It's raining yet again today, so won't be riding. Have Thursday off, so hoping the weather cooperates (though right now it's supposed to snow, so doesn't sound very promising at all)..


2014 mileage
...
01/09/14 dream 6.04 miles 4.7 mph 16.59 total miles
01/10/14 dream 2.51 miles 3.8 mph 19.10 total miles
01/13/14 dream 10.03 miles 5.0 mph 29.13 total miles


----------



## phantomhorse13

Snuck in a ride today, before the incoming snow and cold makes the ground horrendous again. Still very muddy, but at least passable.. hope to get out again Sunday before the next big cold snap, but will have to see how much snow we do or don't get tomorrow. :evil:

Heading for the hill:










Going down the far side of that hill:










Heading for home as the flurries start:










Dream actually worked up a sweat today!! :thumbsup:

2014 mileage
...
01/10/14 dream 2.51 miles 3.8 mph 19.10 total miles
01/13/14 dream 10.03 miles 5.0 mph 29.13 total miles
01/17/14 dream 11.21 miles 5.7 mph 40.34 total miles


----------



## Houston

Hope you guys don't mind if I join in!

For months (surely going on a year or so now :shock I've been wanting to get more and more into endurance. I've got several books, have done a lot of reading, and did some vet scribing at a local endurance ride so I could get a feel for the atmosphere. 

But I have yet to actually partake in an endurance ride... so if all continues to go well I will be doing my first 25 mile LDR in March! 

Me and my girl Dory have just started doing some conditioning rides and she is doing great so far. We ride along the _mighty_ Rio Grande river... although right now the might Rio Grande is bone dry (as it is most times of the year in this area). Good footing, although there are some rocky/hard areas. My mare gets a bit ouchy in her front feet on rocks, so she also got shoes for the first time today. No more ouchy! So far so good. 
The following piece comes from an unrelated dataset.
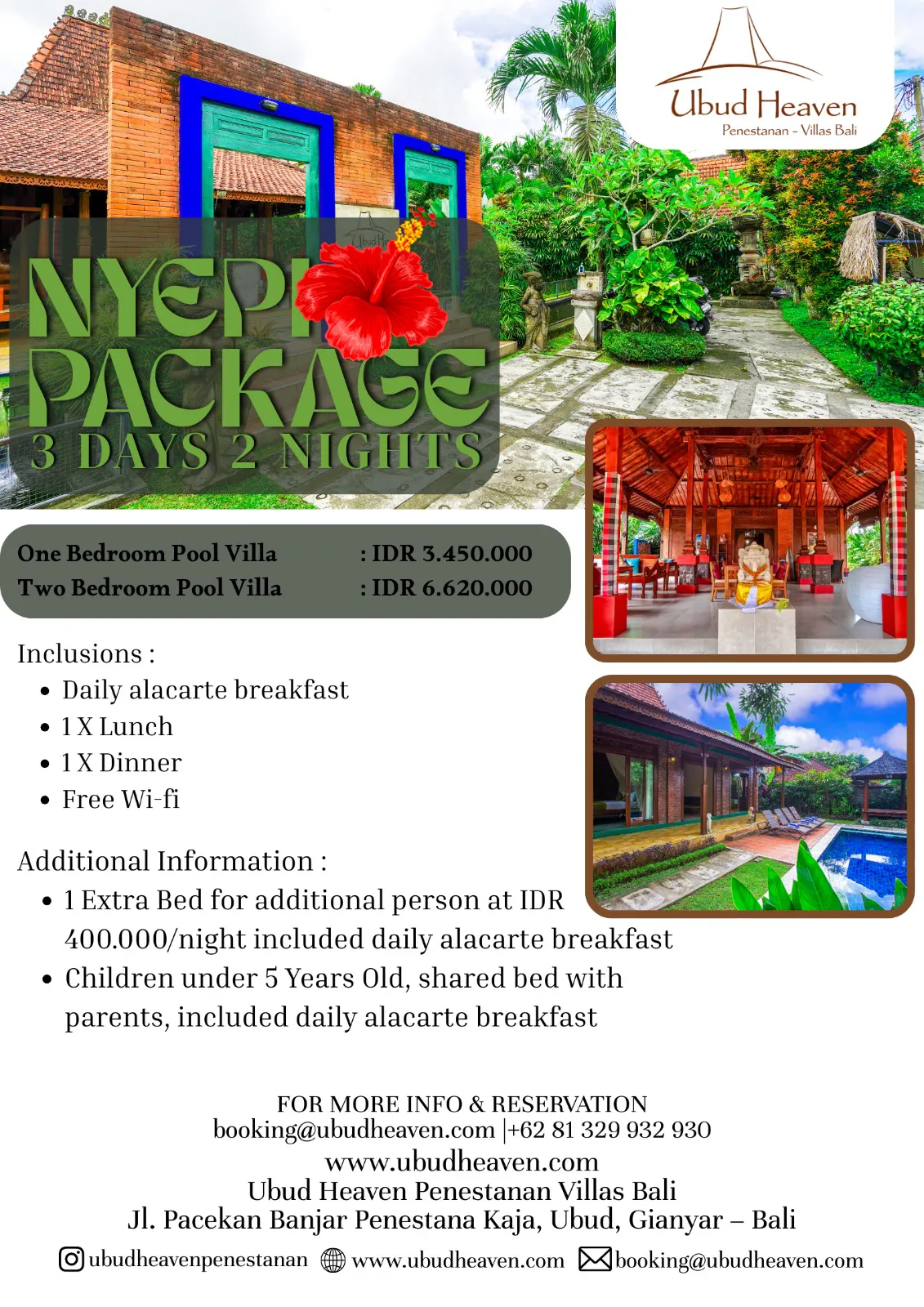 - For booking or asking promo code, please contact us by WhatsApp at (+62) 81 329 932 930 or Email at booking@ubudheaven.com

I have yet to even remotely tire this girl out. :shock: Today we did a total of almost 10 miles and most of it was trotting- I needed a walk break for a few strides and she wanted to keep going! I swear she can trot all day! 

I use Endomondo on my phone and computer to track our rides. So far we have done:

1/12/13: 4.99 miles, 5.6mph
1/14/13: 6.44 miles, 5.2mph
1/17/13: 2.21 miles, 3.9mph then a few minutes later went back at it, 7.49 miles, 6.8mph (total of 9.7 miles for today).


----------



## greentree

Houston, Dory sounds like a great endurance partner! You should be in good shape for that LD in March. Will you be back in Houston then, or still out west? 

Nancy


----------



## Zexious

phantomhorse--I love the 'ear shots'  Keep'um coming!


----------



## Houston

greentree said:


> Houston, Dory sounds like a great endurance partner! You should be in good shape for that LD in March. Will you be back in Houston then, or still out west?
> 
> Nancy


She is surprisingly me with how willing she is to keep going on the trail. Seems to enjoy seeing new things which I love about her! 
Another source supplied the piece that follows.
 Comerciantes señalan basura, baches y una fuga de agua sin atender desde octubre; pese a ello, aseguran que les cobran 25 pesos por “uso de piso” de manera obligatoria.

In March I'll still be out West. Hoping to do the 25 LD at the Corralitos Ranch!


----------



## Houston

Something seemed off with Dory today. Was extra quiet and felt different, so we skipped the lesson and took it easy today, just did 2 miles at a slow walk. Thought she might be a little sore from coming into more work. Turns out she has a little stone bruise on her hind foot! :?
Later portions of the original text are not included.